Activity »
Restate the data word for word and leave the images out.

Dataset content »
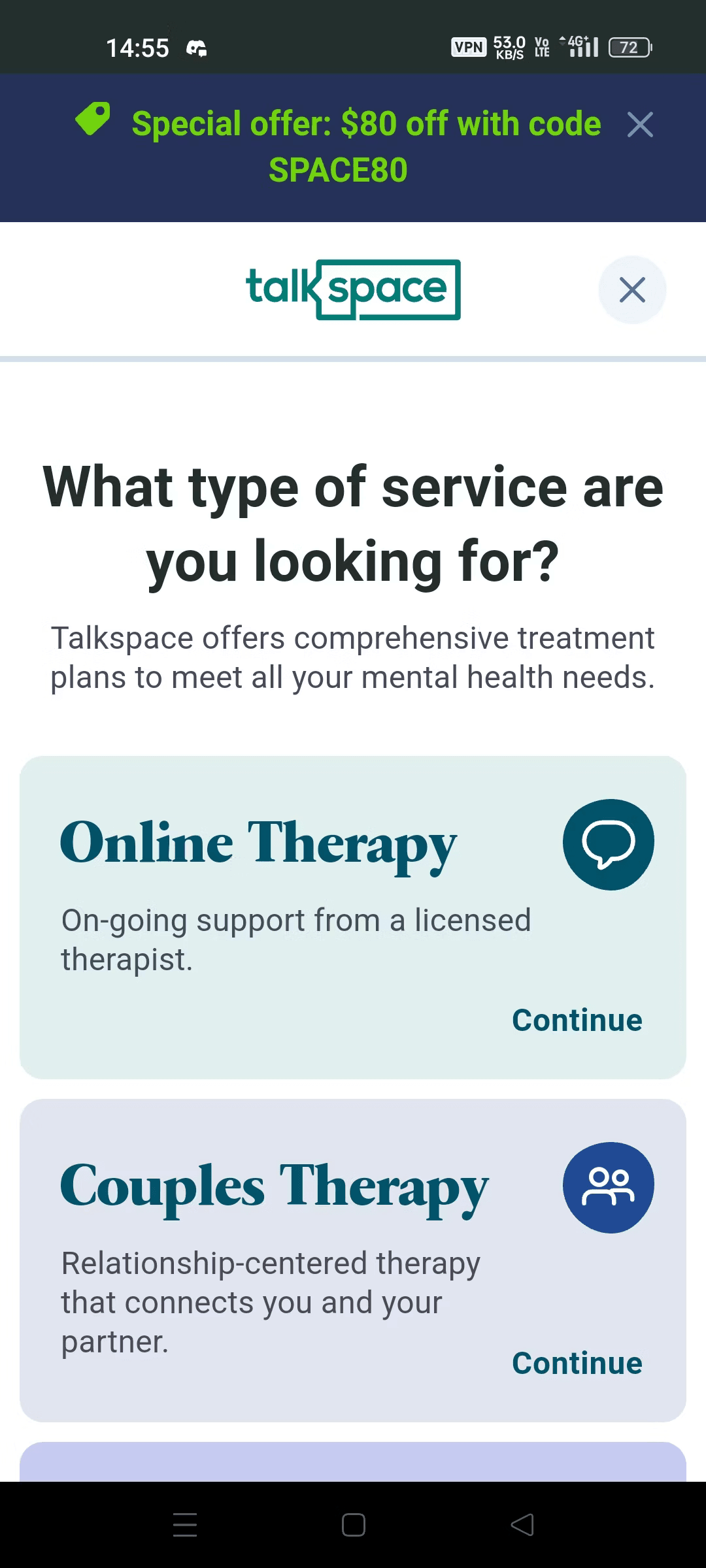 Talkspace provides various support plans, ensuring you get the level of care that suits your needs. They also offer additional services like couples therapy and psychiatry.
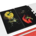 En verre trempé extrêmement résistant, ces protège-plaques au savoureux décor préservent des chocs, rayures et salissures les tables de cuisson (électrique, vitrocéramique/induction). Hygiéniques et ne retenant pas les odeurs, ce sont aussi des plans de travail supplémentaires propres d’un coup d’éponge.
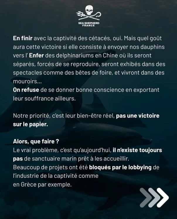 En finir avec la captivité des cétacés, oui. Mais quel goût aura cette victoire si elle consiste à envoyer nos dauphins vers l’enfer des delphinariums en Chine où ils seront séparés, forcés de se reproduire, seront exhibés dans des spectacles comme des bêtes de foire, et vivront dans des mouroirs…

Exercise solution »
 Talkspace provides various support plans, ensuring you get the level of care that suits your needs. They also offer additional services like couples therapy and psychiatry.
 En verre trempé extrêmement résistant, ces protège-plaques au savoureux décor préservent des chocs, rayures et salissures les tables de cuisson (électrique, vitrocéramique/induction). Hygiéniques et ne retenant pas les odeurs, ce sont aussi des plans de travail supplémentaires propres d’un coup d’éponge.
 En finir avec la captivité des cétacés, oui. Mais quel goût aura cette victoire si elle consiste à envoyer nos dauphins vers l’enfer des delphinariums en Chine où ils seront séparés, forcés de se reproduire, seront exhibés dans des spectacles comme des bêtes de foire, et vivront dans des mouroirs…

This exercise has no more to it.